### What this task involves
Exactly and only the lines below from the one containing "주요내용 외국인이 한국 국적을" down to the one containing "Revenue growth tells" are wanted, both included; please exclude every picture.

### Materials provided
────

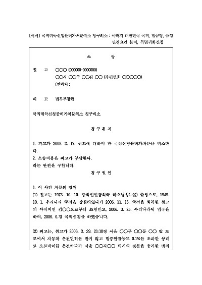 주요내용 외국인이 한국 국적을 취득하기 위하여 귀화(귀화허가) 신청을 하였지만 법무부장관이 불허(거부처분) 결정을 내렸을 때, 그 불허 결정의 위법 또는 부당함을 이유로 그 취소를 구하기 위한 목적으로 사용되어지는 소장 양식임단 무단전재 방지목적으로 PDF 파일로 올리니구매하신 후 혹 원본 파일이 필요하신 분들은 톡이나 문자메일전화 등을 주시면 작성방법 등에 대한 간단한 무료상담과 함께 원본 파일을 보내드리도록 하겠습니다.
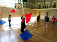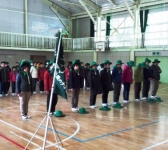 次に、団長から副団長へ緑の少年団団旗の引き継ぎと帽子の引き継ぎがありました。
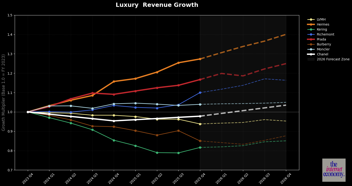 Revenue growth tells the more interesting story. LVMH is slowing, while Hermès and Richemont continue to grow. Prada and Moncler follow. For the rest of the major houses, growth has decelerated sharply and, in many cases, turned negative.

────

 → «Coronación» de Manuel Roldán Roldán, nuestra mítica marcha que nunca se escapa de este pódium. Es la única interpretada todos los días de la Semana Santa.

────

### Response to the exercise
 주요내용 외국인이 한국 국적을 취득하기 위하여 귀화(귀화허가) 신청을 하였지만 법무부장관이 불허(거부처분) 결정을 내렸을 때, 그 불허 결정의 위법 또는 부당함을 이유로 그 취소를 구하기 위한 목적으로 사용되어지는 소장 양식임단 무단전재 방지목적으로 PDF 파일로 올리니구매하신 후 혹 원본 파일이 필요하신 분들은 톡이나 문자메일전화 등을 주시면 작성방법 등에 대한 간단한 무료상담과 함께 원본 파일을 보내드리도록 하겠습니다.
 次に、団長から副団長へ緑の少年団団旗の引き継ぎと帽子の引き継ぎがありました。
 Revenue growth tells the more interesting story. LVMH is slowing, while Hermès and Richemont continue to grow. Prada and Moncler follow. For the rest of the major houses, growth has decelerated sharply and, in many cases, turned negative.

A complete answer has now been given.